По мнению самой Веры Волковой, она стала заниматься танцем почти случайно: сопровождала подругу при поступлении в Школу русского балета. Подругу забраковали, а на Веру обратили внимание. По другой её версии, она сама пробовала поступить в балетную школу ради дополнительного рациона, полагавшегося ученикам ввиду сильных физических нагрузок. Точно же известно, что танец был одним из обязательных предметов в Смольном институте, где девочки обучались придворным танцам, гавоту, менуэту и лансье. До поступления в балетную школу Вера брала частные уроки у бывшей балерины Мариинского театра мадам Эрле.

В 1920 году в возрасте 15 лет Вера Волкова не имела шанса поступить Государственный хореографический техникум (бывшая Императорская балетная школа), куда принимали лишь до 10 лет. У неё было две возможности: балетная школа Миклоша на Гагаринской улице или же Русская балетная школа Акима Волынского (так называемая школа Балтфлота, находившаяся в здании Балтийского Флота на Почтамской улице). Обе школы являлись частными. Выбор пал на последнюю. Здесь преподавали Николай Легат, Ольга Преображенская, Мария Романова (мать Галины Улановой) и Агриппина Ваганова.

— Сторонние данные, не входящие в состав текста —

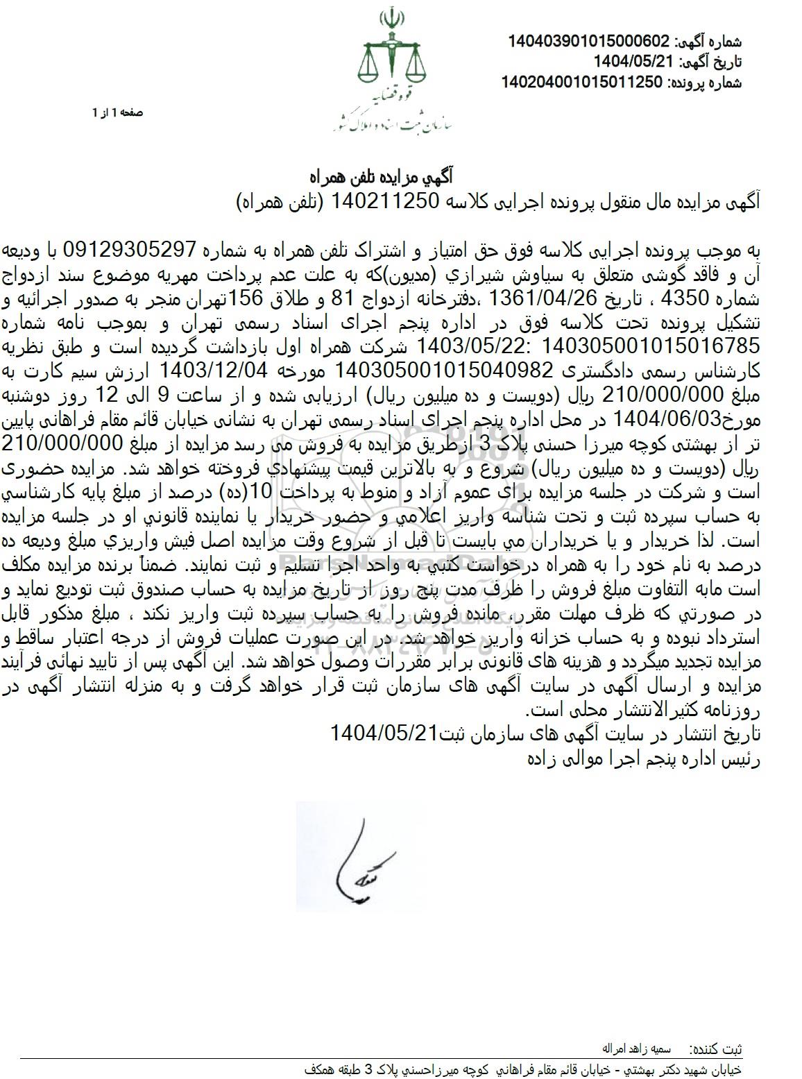 شماره آگهی 140403901015000602
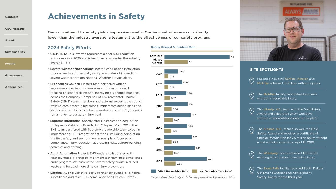 22 Achievements in Safety 2024 Safety Efforts • 0.64* TRIR: This low rate represents a near 50% reduction in injuries since 2020 and is less than one-quarter the industry average TRIR. • Severe Weather Notifications: MasterBrand began installation of a system to automatically notify associates of impending severe weather through National Weather Service alerts. • Ergonomics Council: MasterBrand partnered with an ergonomics specialist to create an ergonomics council focused on standardizing and improving ergonomic practices across the Company. Comprised of Environmental, Health & Safety (“EHS”) team members and external experts, the council reviews data, tracks injury trends, implements action plans and shares best practices to enhance workplace safety. Ergonomics remains key to our zero-injury goal. • Supreme Integration: Shortly after MasterBrand’s acquisition of Supreme Cabinetry Brands, Inc. (“Supreme”) in 2024, the EHS team partnered with Supreme’s leadership team to begin implementing EHS integration activities, including completing the first safety and environment annual plans focused on compliance, injury reduction, addressing risks, culture-building activities and training. • Audit Automation Project: EHS leaders collaborated with MasterBrand’s IT group to implement a streamlined compliance audit program. We automated several safety audits, reduced waste and focused more time on injury prevention. • External Audits: Our third-party partner conducted six external surveillance audits on EHS compliance and Critical 15 areas. Our commitment to safety yields impressive results. Our incident rates are consistently lower than the industry average, a testament to the effectiveness of our safety program. Facilities including Carlisle, Kinston and McAllen achieved 365 days without injuries. The McAllen facility celebrated four years without a recordable injury. The Liberty, N.C., team won the Gold Safety Award and celebrated 240+ workdays without a recordable incident at the plant. The Kinston, N.C., team also won the Gold Safety Award and received a certificate of Special Recognition for 7.5 million hours without a lost workday case since April 18, 2018. The Winnipeg facility achieved 1,000,000 working hours without a lost-time injury. The Sioux Falls facility received South Dakota Governor’s Outstanding Achievement Safety Award for the third year. SITE SPOTLIGHTS Contents CEO Message About Sustainability Governance Appendices *Legacy MasterBrand only, excludes safety data from Supreme acquisition. OSHA Recordable Rate* Lost Workday Case Rate* Safety Record & Incident Rate 2024 2023 BLS Industry Average 1.1 0.64 0.84 1.04 1.10 1.25 1.08 1.31 1.45 2.01 0.18 0.18 0.26 0.34 0.40 0.33 0.34 0.40 0.53 3.1 2023 2019 2021 2017 2022 2018 2020 2016 People
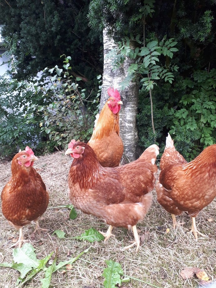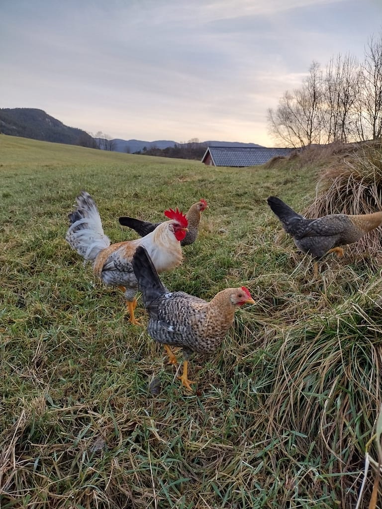 Vi har nokre høner og ein hane på Fossane gard. Hanen Kompis passer på hønene sine. Vi har nokre Jærhøns, den siste norske landrasen. Hønene gir oss egg kvar dag. Har vi nok egg så selger vi dei kanskje.
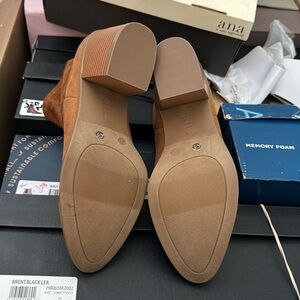 Elevate your shoe game with these stylish Ana Electra ankle boots in whiskey brown. Featuring a closed toe and pull-on closure, these boots are perfect for any occasion, from casual outings to workwear to cocktail parties. The boots have a 3-inch block heel and a polyurethane outsole for durability.
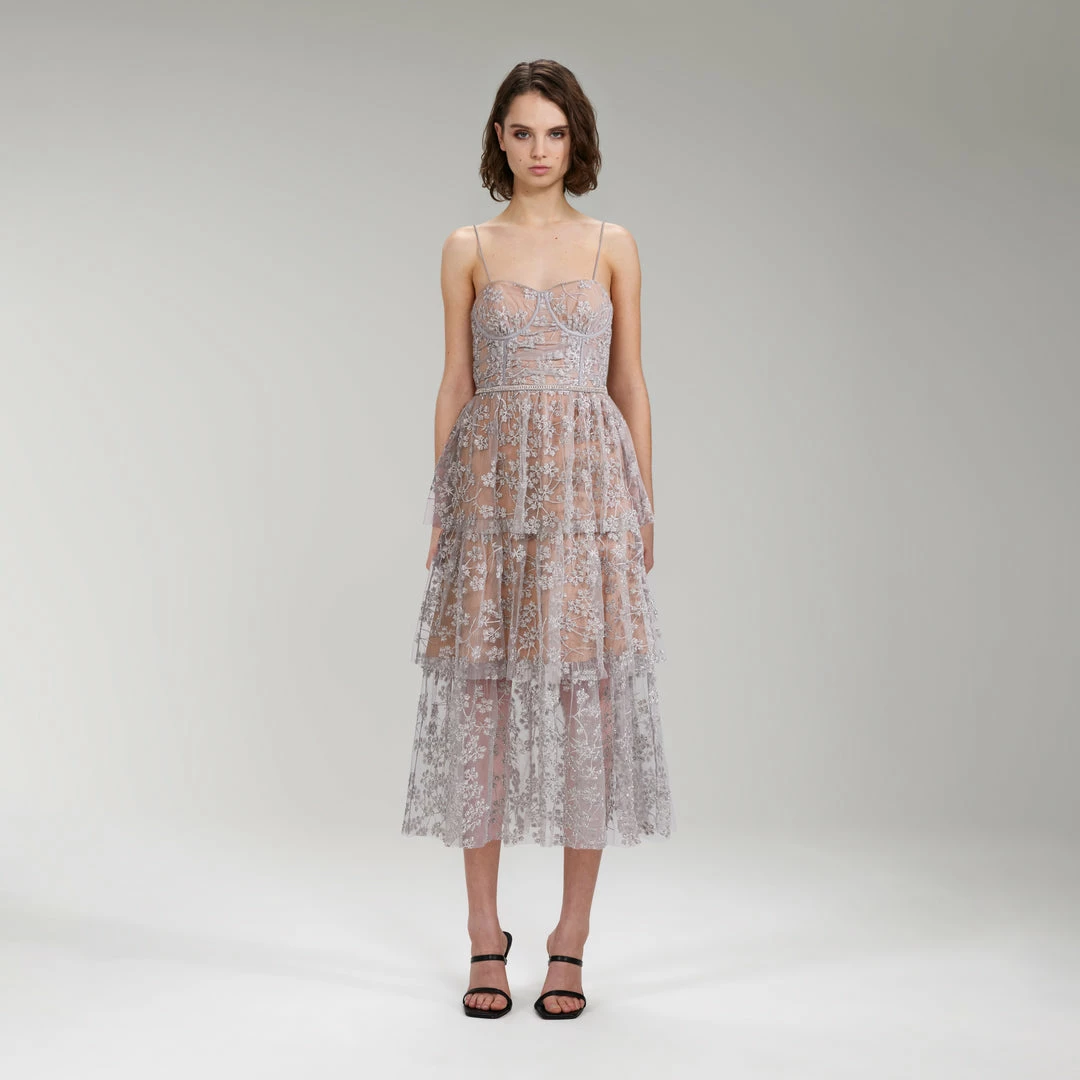 Self-portrait NEW ARRIVALS Embroidered Blossom Midi Dress
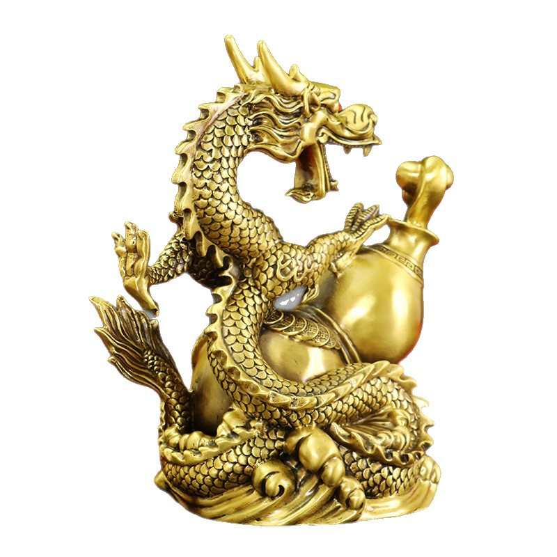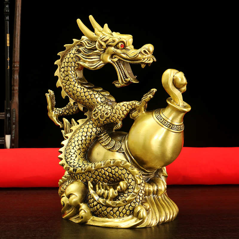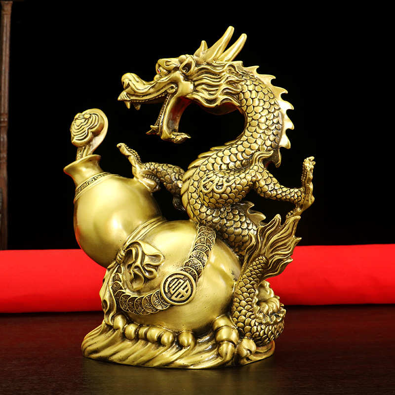 纯铜葫芦龙摆件福禄五爪金龙生肖龙客厅酒柜装饰月亮龙青龙铜水龙

Одновременно с занятиями в школе Вера Волкова вместе со своим партнёром по школе Александром Пушкиным, (будущим педагогом Нуреева и Барышникова), берет частные уроки у Вагановой. Аким Волынский имел огромное влияние на развитие Волковой не только как балерины, но и художника. Они часами говорили о балете, философии Ницше, литературе, об эстетике художников Ренессанса, посещали музеи. От Волынского Вера Волкова взяла философию «техники адажио», а от Вагановой — «технику аллегро», которые она соединяла в своей педагогической работе на Западе. Именно в различии этих двух подходов к технике балетного танца заключался конфликт между Волынским и Вагановой, из-за которого последняя покинула школу. В июне 1925 году Вера Волкова получает аттестат о профессиональном образовании. Город носил уже имя Ленинград. В том же году участвует в гастролях по Японии с танцевальной группой. На следующий год вновь гастроли в Японии и китайском Харбине с балетмейстером Соколовским.

1927—1928 годы в биографии Волковой плохо документированы. Известно, что у неё были трудности с поисками работы — видимо, отчасти из-за её близких и дружеских отношений с Волынским. Некоторое время она проживала в Москве, где вышла замуж за музыканта Шуру Виноградова. Брак вскоре распался. Вера познакомилась с танцовщиком Сергеем Тороповым, вместе с которым вернулась в Ленинград.

Китай

Весной 1929 года Вера Волкова, Сергей Торопов и Сергей Гончаров эмигрируют в Харбин. Гастролируют в Пекине, Сингапуре и Маниле. Перебираются в Шанхай, где выступают в эксклюзивном кабаре как «Олимпийское трио» с номерами из классического репертуара. Влажный климат постепенно развивает у Волковой хронический колит и кишечные инфекции. Она почти обессилена. После прекращения контракта с варьете Вера устраивается работать модисткой. Сергей Гончаров организует балетную школу, где Вера Волкова однажды обратит внимание на способную ученицу Peggi Hookham, ставшую впоследствии всемирно знаменитой Марго Фонтейн. Сергей Торопов, не найдя себя на чужбине, принимает решение о возвращении в Ленинград. Через советское посольство он получил визу, и вскоре после пересечения границы, по словам Волковой, был расстрелян как враг народа.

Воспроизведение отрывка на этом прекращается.